If the temperature of the reaction mixture was raised (i.e. heat is added), the reaction will shift left to consume the heat and reach equilibrium.
If the temperature of the reaction mixture was lowered (i.e. heat is removed), the reaction will shift right to produce heat and reach equilibrium.
Endothermic Reaction
Consider the following endothermic reaction at equilibrium.
\[\mathrm{H_2O}(g) \rightleftharpoons \mathrm{H_2}(g) + \dfrac{1}{2}\mathrm{O_2}(g) \qquad \Delta H = 248.1~\mathrm{kJ~mol^{-1}}\]

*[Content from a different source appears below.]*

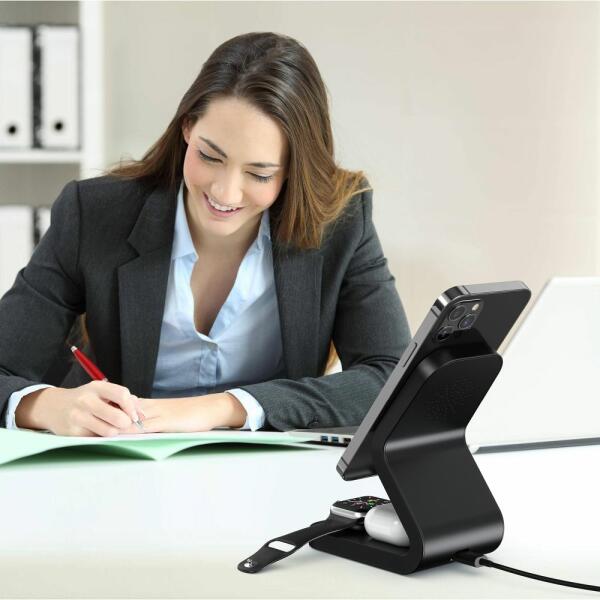 3 az 1-ben vezeték nélküli töltő. Lehetővé teszi telefonja, okosórája és fülhallgatóinak induktív töltését. Támogatja a MagSafe töltést. Legfeljebb 15 W teljesítményigényű készülékekhez tervezve. Töltsön több eszközt egyetlen tartozékkal! Ezzel sok helyet takaríthat meg, mert csak egyetlen tartozékot fog használni az összes eszköz töltésére. A termék ABS- b

We can write the reaction as follows (indicating heat, Δ, as a reactant)
\[\Delta + \mathrm{H_2O}(g) \rightleftharpoons \mathrm{H_2}(g) + \dfrac{1}{2}\mathrm{O_2}(g)\]
If the temperature was raised, the reaction will proceed to the right. If the temperature was lowered, the reaction will proceed to the left.
6.6.3 Changing Volume/Pressure
Recall from the ideal gas law that pressure and volume are inversely proportional.
Consider the following gaseous reaction at equilibrium
\[4\mathrm{NH}_{3}(g) + 7\mathrm{O}_{2}(g) \rightleftharpoons 4\mathrm{NO}_{2}(g)+6 \mathrm{H}_{2} \mathrm{O}(g)\]
If the pressure of the reaction mixture was increased (perhaps by reducing the volume of the vessel that the gas was contained in), which way will the reaction proceed to reach equilibrium?
What exhibits more pressure in a unit volume, a gas containing 11 moles of particles or a gas containing 10 moles of particles? Clearly it is the gas containing the larger number of particles!
Applying that concept here leads us to conclude that the reaction will proceed right since there are only 10 moles of gaseous products for the reaction vs. the 11 moles of gaseous reactants!
Decreasing the pressure (increasing the volume) of the reaction will cause the reaction to shift to the left!